Customers may pay anywhere from 7 to 10 CUC for acrylic nails, depending on which materials are available. The nail polish itself costs Sevilla between 2 and 3 CUC, but it’s an investment and sometimes women bring in their own polish.
It is more expensive to maintain a small business than work in a larger state-run nail salon, due to the cost of the license, according to Sevilla. But at the end of the day, business owners have more freedom and she feels it is worthwhile.
Other professions pose their own set of challenges for women who are trying to make ends meet. Some women work in sweatshop-style sewing factories and others peddle bright balloons and souvenirs on the streets.
Women clad in bright traditional costumes will pose with cigars for tourists in the hopes of making a CUC or two, others paint tiny metal revolutionary figurines to sell in their shop or hand-roll cigars in the back of a cigar and rum market. Regardless of their craft, there seems to be no end to women’s resourcefulness or ingenuity in Cuba.
For women trying to carve a niche in the music industry, a male-dominated field, the pressure to be unique and talented is strong. It’s 10 p.m. on a Friday night in Old Havana and eight Cuban women, color-coordinated in white, make their way to the front of the Azucar Lounge, located in Plaza Vieja.

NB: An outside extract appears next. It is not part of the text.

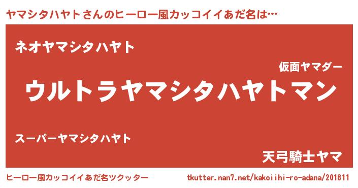 | 男性向けラノベタイトル風あだ名 | 『やはりヤマシタハヤトの青春ラブコメはまちがっている 』 |

They join their instruments on the stage—bass, drums, trumpet, classic guitars—with confidence and expertise.
A few of the women speak broken English, but that doesn’t matter when it comes to the music; their repertoire is made up of 35 songs, which include some English classics like “No Woman, No Cry” by Bob Marley. All of the English renditions are infused with a Cuban flair through the use of percussion instruments.
The name of the band is 8va Nota, pronounced “eighth note,” and they are defending their genre, according to band founder Yohana Nuñez Gallardo, 29.
Gallardo, who heads another band called Mystica, said one of the requirements to join 8va Nota is to be versatile. She alone plays the bass, classical guitar and is a lead singer; most of the eight girls in the group are also multi-talented.
The group, which was formed three years ago, practices once a week for two hours a day and performs the other six days. On Tuesdays, they perform twice; first at Azucar and then at another restaurant on the other side of town. They are in the process of recording their first CD and the music pays well enough to support themselves without a second job. However, the real goal is to be known internationally as a band of girls who perform a large variety of rhythms, according to Gallardo.
Several members of the group, including herself, have traveled and performed larger concerts; however, the ultimate dream is to perform in large venues as a complete unit. In order for this to be possible, the group must establish themselves in Cuba first.
“We want to be different,” said Gallardo. “We have the quality of music to make it far in the world. The girls from 8va Nota are fighting and defending the genre.”
Amalia Salas Fernandez, a 20-year-old percussionist for 8va Nota and a student at the Instituto Superior de Arte or ISA in Havana, said being a part of the group is challenging, but there’s no competition amongst the women in the group; they understand that they’ll be more successful if they remain unified as a band.
Instead, their main obstacle is proving themselves in a male-dominated industry. “In order for women to succeed, we have to be better than the men and better than the best,” said Fernandez.
Her words echo the sentiments of many Cuban women throughout different capacities and fields. In a “machismo” society, gaining true equality seems to be an ongoing, conscious effort. “Men underestimate women, but we [women] also underestimate ourselves,” said Gallardo. “We don’t put our feet forward because women put up a barrier. We have to overcome this wall to achieve things.”